#### Data for review:
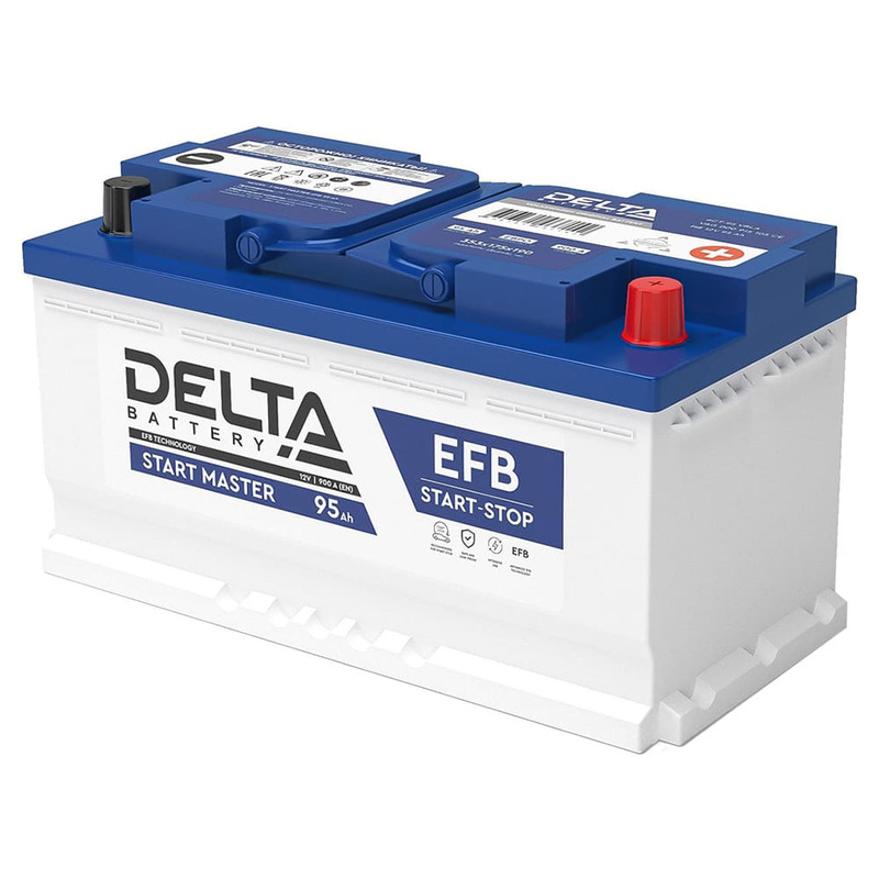 Аккумуляторы DELTA START MASTER EFB изготавливаются по технологии Enhanced Flooded Battery (усовершенствованная батарея с жидким электролитом) и предлагают удвоенную устойчивость к циклическим нагрузкам по сравнению со стандартными стартерными АКБ. Аккумулятор адаптирован для применения в автомобилях с повышенным энергопотреблением и оснащенных системой START-STOP.
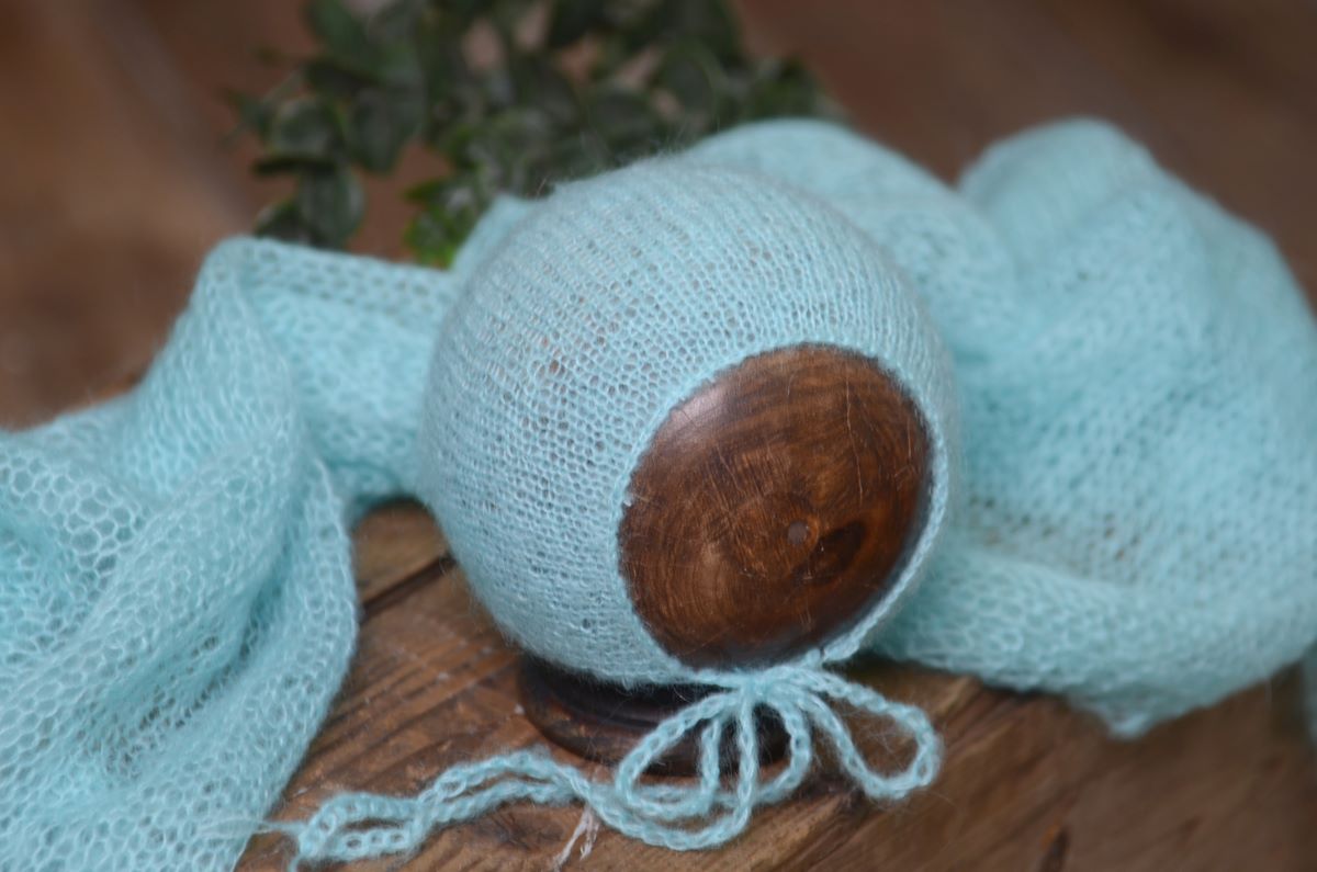 Incredible set consisting of a wrap and a hat woven with soft mohair wool threads in the same tone. This product is ideal for all kinds of photo sessions, from those sessions on the bean bag to those in which newborns are placed on stands or inside boxes or bowls. Due to its measures, this set is perfect for newborn sessions.
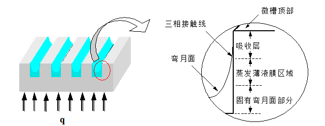 微槽群复合相变热沉原理性结构及其弯月面形状
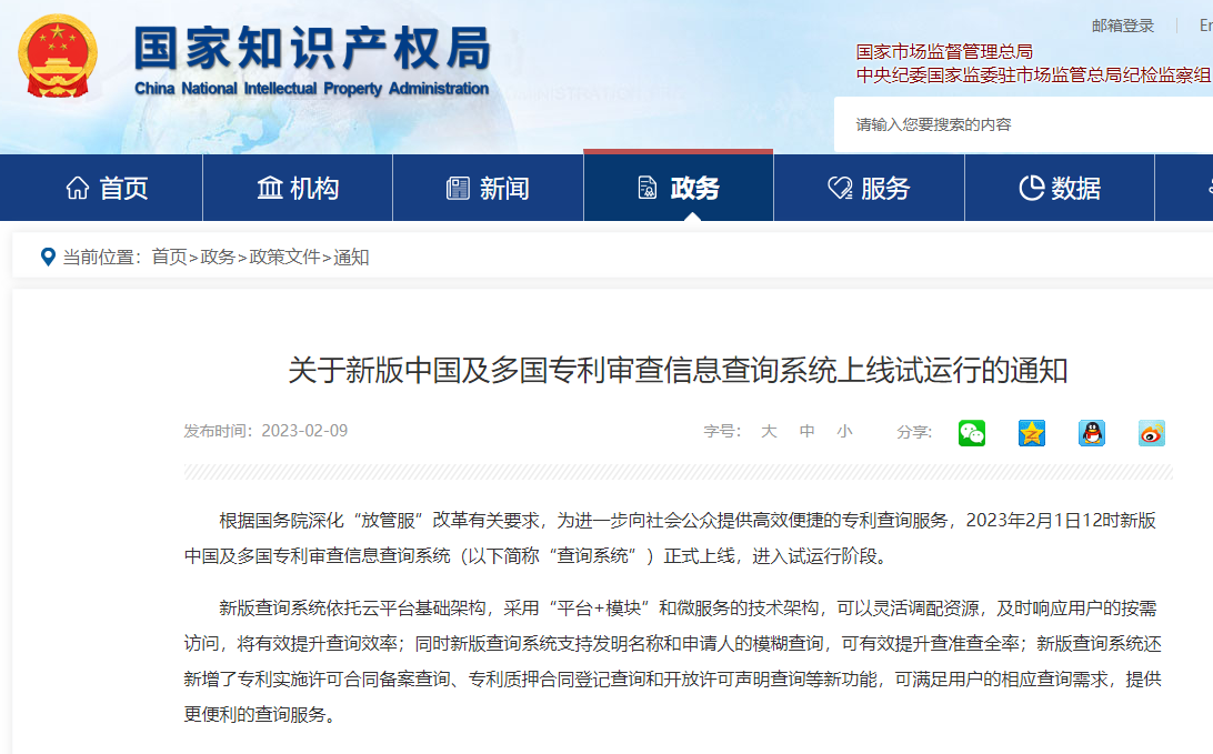 国知局:关于新版中国及多国专利审查信息查询系统上线试运行的通知
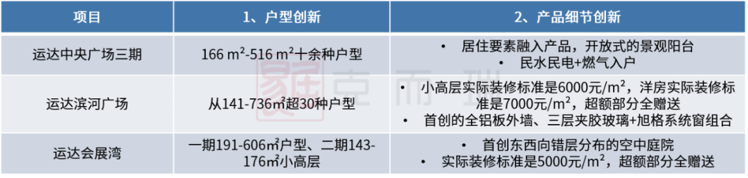 運達致力于為城市留下經(jīng)典項目,每一個運達作品,都能給市場新的驚喜。近幾年,運達一直在做產(chǎn)品創(chuàng)新,從運達中央廣場三期商業(yè)住宅、運達濱河廣場到運達會展灣,打造差異化產(chǎn)品,迎合新時代的居住需求。
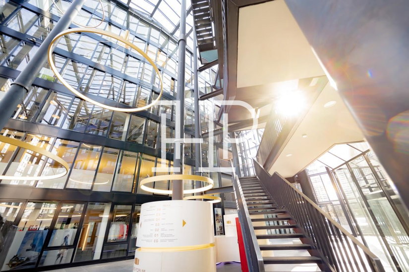 Das Hanse Forum bietet auf sieben Etagen mit rund 15.000 m² moderne Büroflächen in zentraler Lage. Entworfen vom Architekten Massimiliano Fuksas, überzeugt das Kontorhaus durch seine Glasfassade und zukunftsorientierte Architektur. Der großzügige Eingangsbereich erstreckt sich über alle Etagen und eröffnet einen freien Blick zum Himmel. Mehrere Aufzüge und freistehende Brücken verbinden die Ebenen. Die Büroflächen zeichnen sich durch flexible Raumaufteilungen, individuelle Ausbaumöglichkeiten sowie die Option zur Anmietung mehrerer Etagen aus.
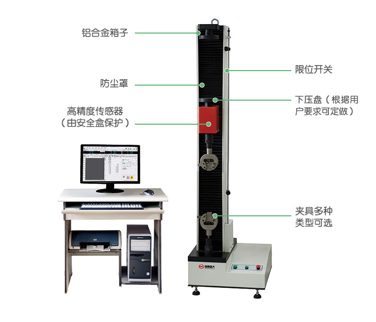 WDW系列微機控制電子萬能試驗機具有結(jié)構(gòu)緊湊、簡單易用等特點,主要適用于金屬絲、金屬箔、塑料、橡膠、食品包裝、紡織纖維、電線電纜、粘膠劑、土工、木材、紙張、接插件等行業(yè)的拉伸、剝離、撕裂等試驗。
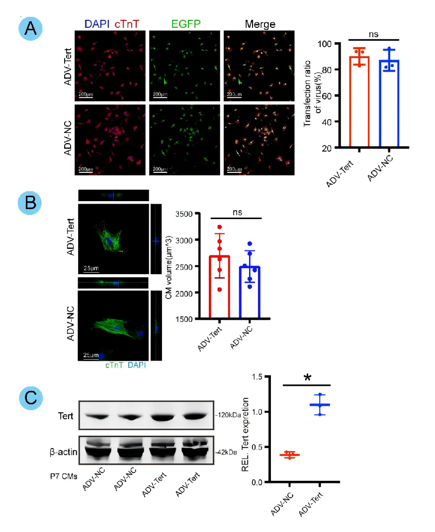 ADV-Tert在小鼠心肌細胞中成功過表達
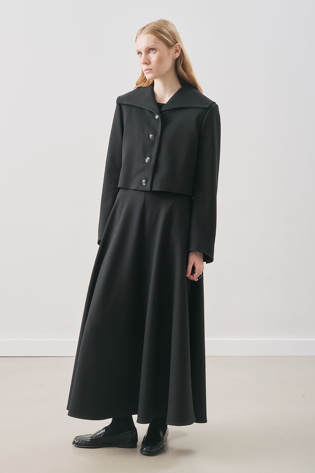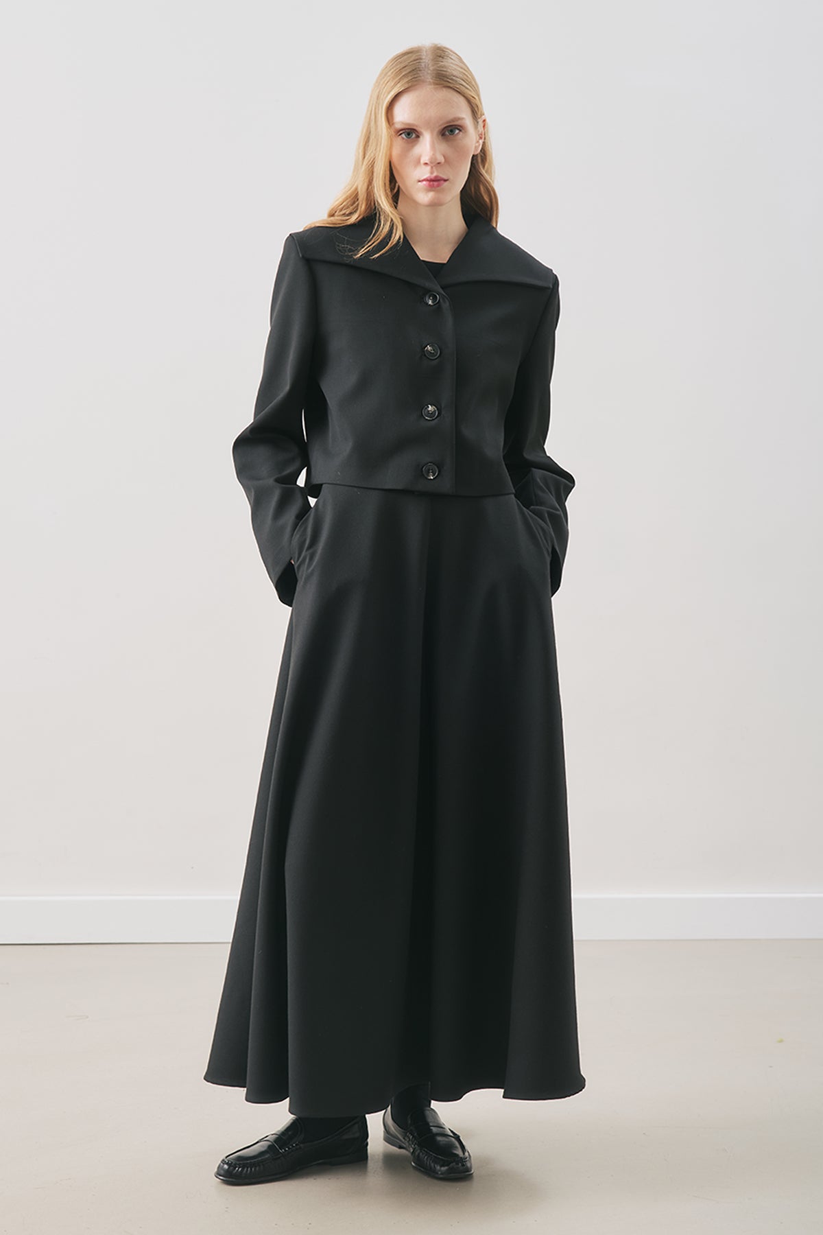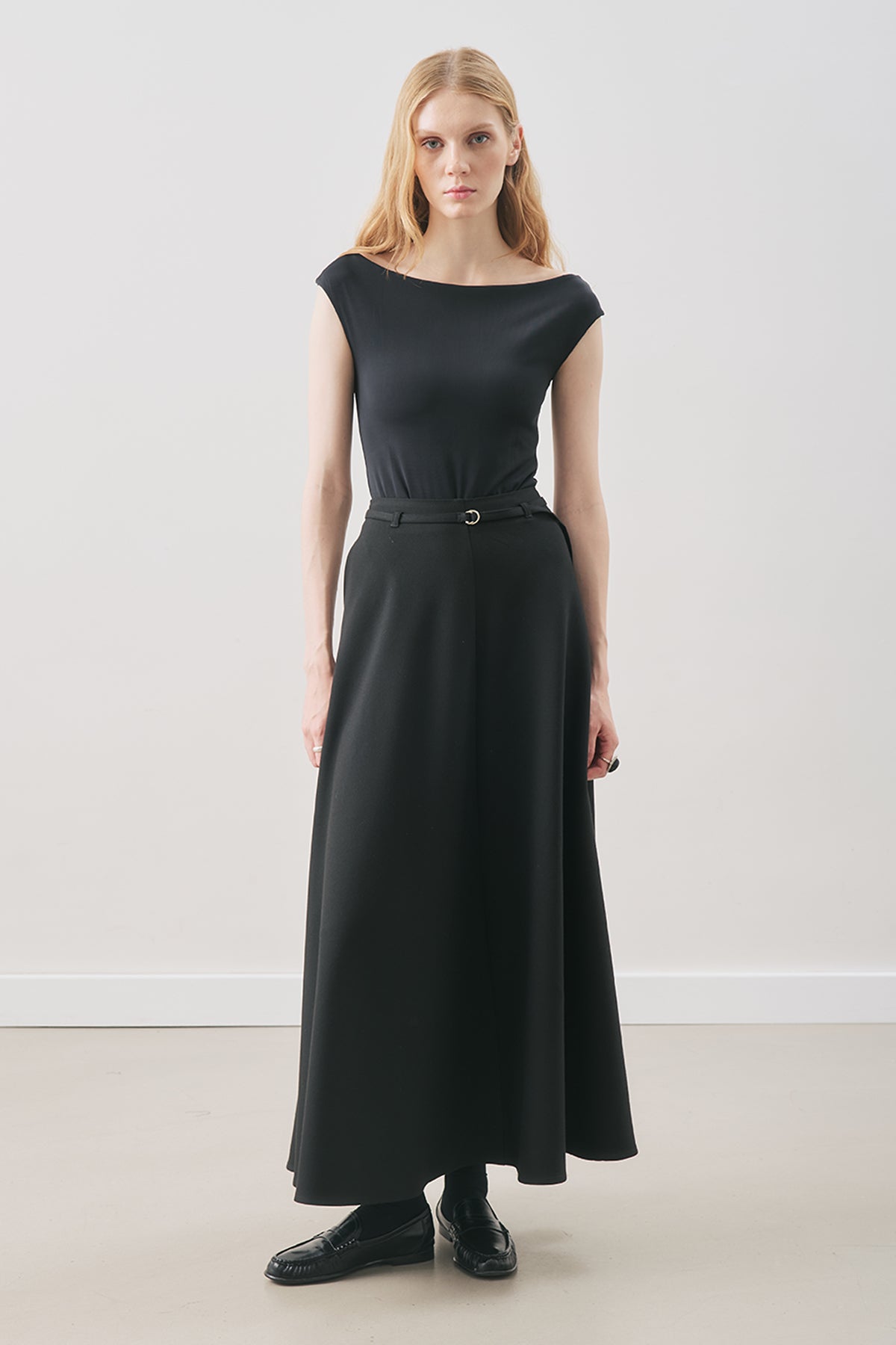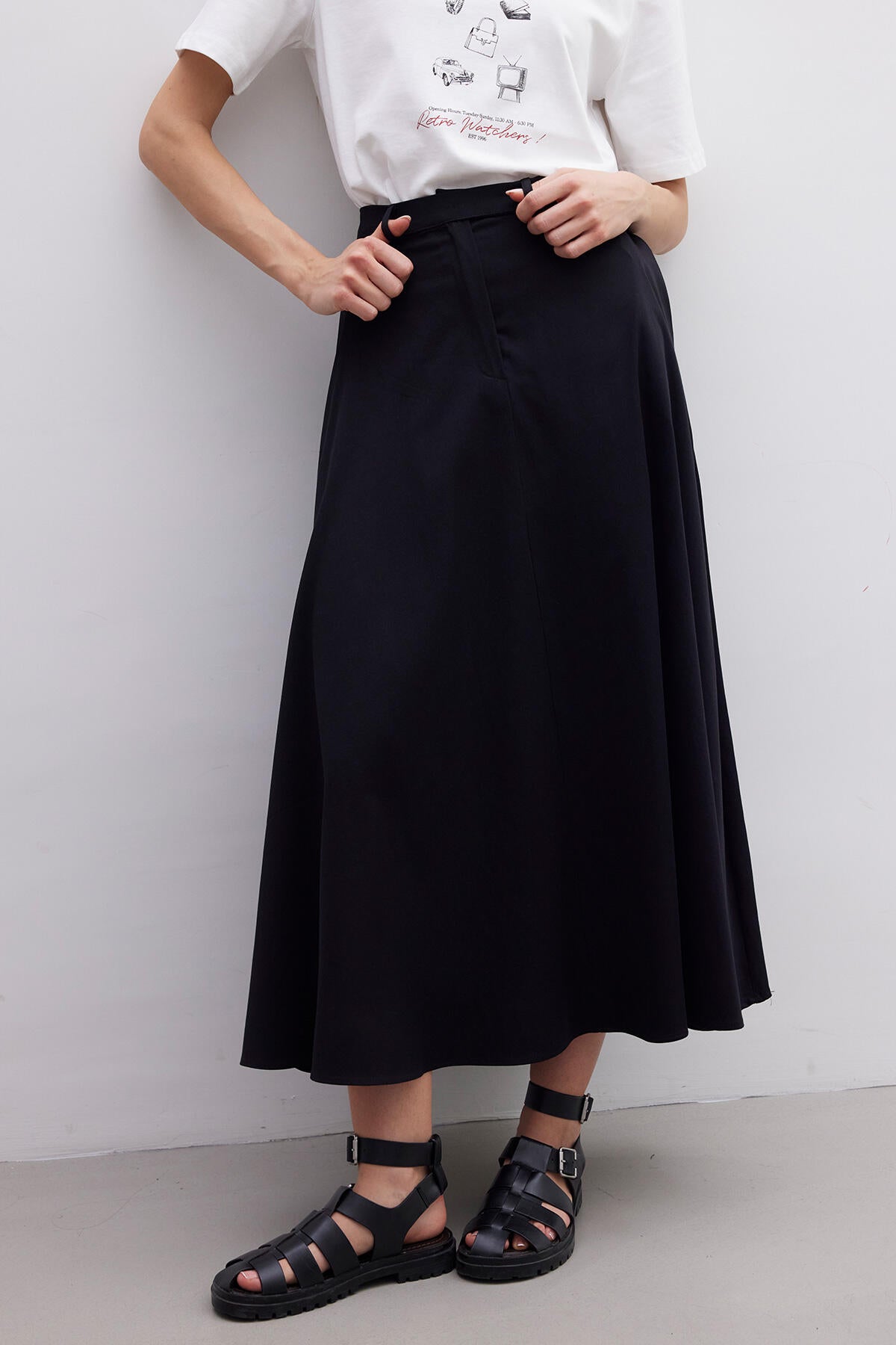 Kuşaklı Dökümlü Etek Siyah

#### Brief:
Your answer must be an exact repeat of the records above, with no pictures in it.

#### Exercise solution:
 Аккумуляторы DELTA START MASTER EFB изготавливаются по технологии Enhanced Flooded Battery (усовершенствованная батарея с жидким электролитом) и предлагают удвоенную устойчивость к циклическим нагрузкам по сравнению со стандартными стартерными АКБ. Аккумулятор адаптирован для применения в автомобилях с повышенным энергопотреблением и оснащенных системой START-STOP.
 Incredible set consisting of a wrap and a hat woven with soft mohair wool threads in the same tone. This product is ideal for all kinds of photo sessions, from those sessions on the bean bag to those in which newborns are placed on stands or inside boxes or bowls. Due to its measures, this set is perfect for newborn sessions.
 微槽群复合相变热沉原理性结构及其弯月面形状
 国知局:关于新版中国及多国专利审查信息查询系统上线试运行的通知
 運達致力于為城市留下經(jīng)典項目,每一個運達作品,都能給市場新的驚喜。近幾年,運達一直在做產(chǎn)品創(chuàng)新,從運達中央廣場三期商業(yè)住宅、運達濱河廣場到運達會展灣,打造差異化產(chǎn)品,迎合新時代的居住需求。
 Das Hanse Forum bietet auf sieben Etagen mit rund 15.000 m² moderne Büroflächen in zentraler Lage. Entworfen vom Architekten Massimiliano Fuksas, überzeugt das Kontorhaus durch seine Glasfassade und zukunftsorientierte Architektur. Der großzügige Eingangsbereich erstreckt sich über alle Etagen und eröffnet einen freien Blick zum Himmel. Mehrere Aufzüge und freistehende Brücken verbinden die Ebenen. Die Büroflächen zeichnen sich durch flexible Raumaufteilungen, individuelle Ausbaumöglichkeiten sowie die Option zur Anmietung mehrerer Etagen aus.
 WDW系列微機控制電子萬能試驗機具有結(jié)構(gòu)緊湊、簡單易用等特點,主要適用于金屬絲、金屬箔、塑料、橡膠、食品包裝、紡織纖維、電線電纜、粘膠劑、土工、木材、紙張、接插件等行業(yè)的拉伸、剝離、撕裂等試驗。
 ADV-Tert在小鼠心肌細胞中成功過表達
 Kuşaklı Dökümlü Etek Siyah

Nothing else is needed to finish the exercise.